2010.This section introduces the provisions that provide for credits or debits for tax purposes when an intangible fixed asset is realised. It is based on paragraph 18 of Schedule 29 to FA 2002.
2011.Subsection (3) rewrites paragraph 25 of Schedule 29 to FA 2002 as an early signpost to the possibility of roll-over relief in realisation cases.
2012.This section defines “realisation”. It is based on paragraph 19 of Schedule 29 to FA 2002.
2013.Consistent with the underlying principle of this Part, “realisation” is defined by reference to generally accepted accounting practice. Only events which are “realisations” in these terms are within this Chapter. And only events within this Chapter can come within the roll-over rules in Chapter 7 of this Part.
2014.Subsection (3) is relevant to assets that have been wholly written off or to assets which have been generated internally (such as goodwill) which cannot be capitalised under generally accepted accounting practice.
2015.This section gives the rules quantifying the credit or debit for an intangible fixed asset which has previously been written down for tax purposes. It is based on paragraph 20 of Schedule 29 to FA 2002.
2016.This section gives the rules quantifying the credit or debit for an intangible fixed asset shown in the company’s balance sheet and not previously written down for tax purposes. It is based on paragraph 21 of Schedule 29 to FA 2002.
2017.Examples of intangible fixed assets to which this section applies include those sold soon after acquisition.
2018.This section deals with cases where either of the two previous sections apply to a part realisation of an intangible fixed asset. It is based on paragraph 22 of Schedule 29 to FA 2002.
2019.The section determines the appropriate proportion of the tax written-down value or cost of the asset to be set off.
2020.Subsection (2) gives a formula that covers both the simple case, where the tax written-down value has not diverged from the book value in the accounts, and the more complicated case where the tax and book values have diverged.
2021.This section deals with cases where the intangible fixed asset that is realised is never shown in the balance sheet. It is based on paragraph 23 of Schedule 29 to FA 2002.
2022.Internally-generated goodwill is probably the most common example of an intangible fixed asset to which this section applies.
2023.This section defines “proceeds of realisation”. It is based on paragraph 24 of Schedule 29 to FA 2002.
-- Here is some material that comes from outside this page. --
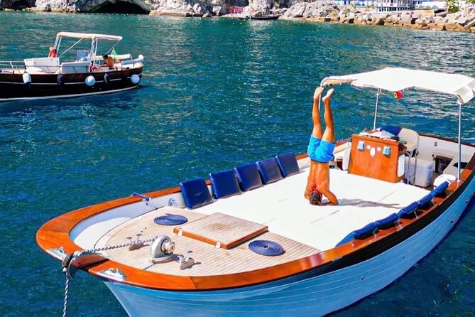 Embarquez pour une balade privée en bateau à Capri avec un équipage local qui vous accueille comme des amis—nagez dans une eau limpide, trinquez au prosecco sous l’arche des Faraglioni, écoutez des histoires d’insulaires, et repartez avec du sable plein les pieds et des souvenirs plein la tête.

2024.This section provides for a debit for tax purposes in respect of abortive realisation expenditure. It is based on paragraph 26 of Schedule 29 to FA 2002.
2025.“Abortive” expenditure is expenditure incurred for the purposes of a transaction which would have amounted to a realisation of the intangible fixed asset if it had proceeded to completion. Such expenditure would not be allowable under any other rules.
2026.This section defines two related key terms used in this Part. It is based on paragraph 137 of Schedule 29 to FA 2002.